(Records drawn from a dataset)
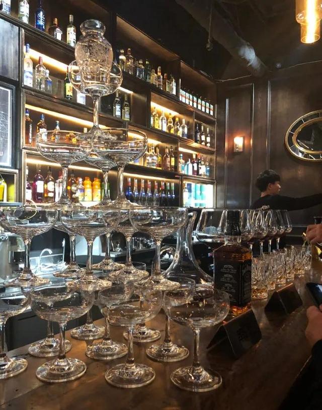 15米的吧台,四层凹凸酒柜,过关的酒洞高尔夫不喝酒的来吃餐吃饱的来喝酒
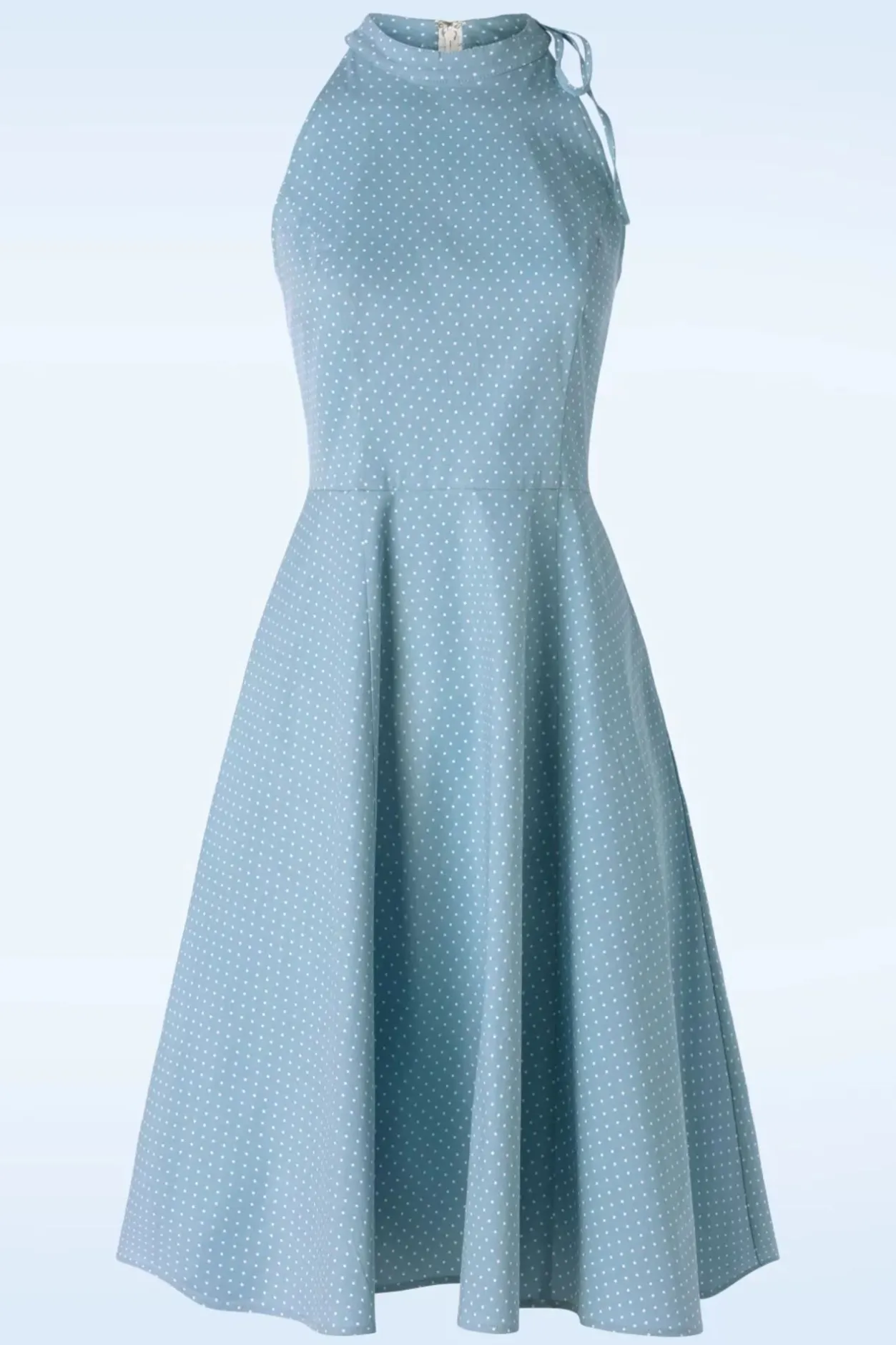 Is Het Geen Dotje?! Deze Halterstijl Swing Beauty Is Uitgevoerd In Een Luchtige Lichtblauwe, Stretchy Katoenmix En Een Print Van Witte Polkadots.
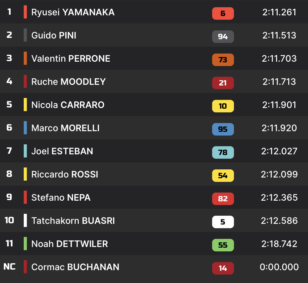 Déjà le plus rapide dans la matinée, Ryusei Yamanaka réitère en Q1. Le Japonais signe un temps en 2:11.261 en fin de séance, après l’avoir globalement dominée. Il termine trois dixièmes devant Guido Pini, cinq Valentin Perrone et Ruche Moodley, qui se qualifient également pour la Q2.
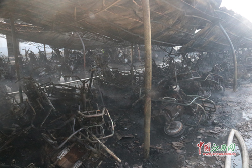 2月17日11時左右,吉安市吉州區(qū)工業(yè)園內(nèi)的新永勝制衣廠電動車棚突發(fā)大火,1000余輛電動車身陷火海。經(jīng)過1個多小時的撲救,大火徹底被撲滅,但火災(zāi)造成300余輛電動車被燒毀,毗鄰的員工宿舍也受到損傷。
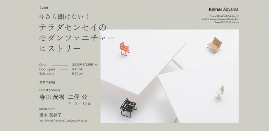 トークイベント「今さら聞けない! テラダセンセイのモダンファニチャーヒストリー」 2026.02.27 トークイベント「今さら聞けない! テラダセンセイのモダンファニチャーヒストリー」 開催日:2026年3月25日(水) タイムテーブル: 17:45 開場 / Rinnai Aoyama 館内ツアー(希望者のみ) 18:30 トーク開始(90分) 20:30 クローズ 登壇者: スピーカー 寺田尚樹、二俣公一(CASE-REAL) モデレーター 藤本美紗子 会場:Rinnai Aoyama Rinnai Aoyama(東京都)にて、トークイベント「今さら聞けない! テラダセンセイのモダンファニチャーヒストリー」が開催されます。 ご希望の方は館内ツアー付きチケットをお申し込みの上、Rinnai Aoyama館内ツアーにもご参加いただけます。 各詳細は下記イベント公式Peatixをご確認ください。 イベント詳細・お申込みはこちら(Peatix)
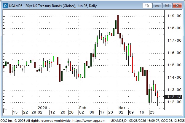 Treasury bond futures were near 12-month highs at the beginning of March, but tanked as energy prices soared. The 30-year yield touched an 8-month high of 5% on Friday.

- **PROMPT**
In the copy, each entry above must match exactly, and no picture may be carried over.

- **RESULT FOR THIS TASK**
 15米的吧台,四层凹凸酒柜,过关的酒洞高尔夫不喝酒的来吃餐吃饱的来喝酒
 Is Het Geen Dotje?! Deze Halterstijl Swing Beauty Is Uitgevoerd In Een Luchtige Lichtblauwe, Stretchy Katoenmix En Een Print Van Witte Polkadots.
 Déjà le plus rapide dans la matinée, Ryusei Yamanaka réitère en Q1. Le Japonais signe un temps en 2:11.261 en fin de séance, après l’avoir globalement dominée. Il termine trois dixièmes devant Guido Pini, cinq Valentin Perrone et Ruche Moodley, qui se qualifient également pour la Q2.
 2月17日11時左右,吉安市吉州區(qū)工業(yè)園內(nèi)的新永勝制衣廠電動車棚突發(fā)大火,1000余輛電動車身陷火海。經(jīng)過1個多小時的撲救,大火徹底被撲滅,但火災(zāi)造成300余輛電動車被燒毀,毗鄰的員工宿舍也受到損傷。
 トークイベント「今さら聞けない! テラダセンセイのモダンファニチャーヒストリー」 2026.02.27 トークイベント「今さら聞けない! テラダセンセイのモダンファニチャーヒストリー」 開催日:2026年3月25日(水) タイムテーブル: 17:45 開場 / Rinnai Aoyama 館内ツアー(希望者のみ) 18:30 トーク開始(90分) 20:30 クローズ 登壇者: スピーカー 寺田尚樹、二俣公一(CASE-REAL) モデレーター 藤本美紗子 会場:Rinnai Aoyama Rinnai Aoyama(東京都)にて、トークイベント「今さら聞けない! テラダセンセイのモダンファニチャーヒストリー」が開催されます。 ご希望の方は館内ツアー付きチケットをお申し込みの上、Rinnai Aoyama館内ツアーにもご参加いただけます。 各詳細は下記イベント公式Peatixをご確認ください。 イベント詳細・お申込みはこちら(Peatix)
 Treasury bond futures were near 12-month highs at the beginning of March, but tanked as energy prices soared. The 30-year yield touched an 8-month high of 5% on Friday.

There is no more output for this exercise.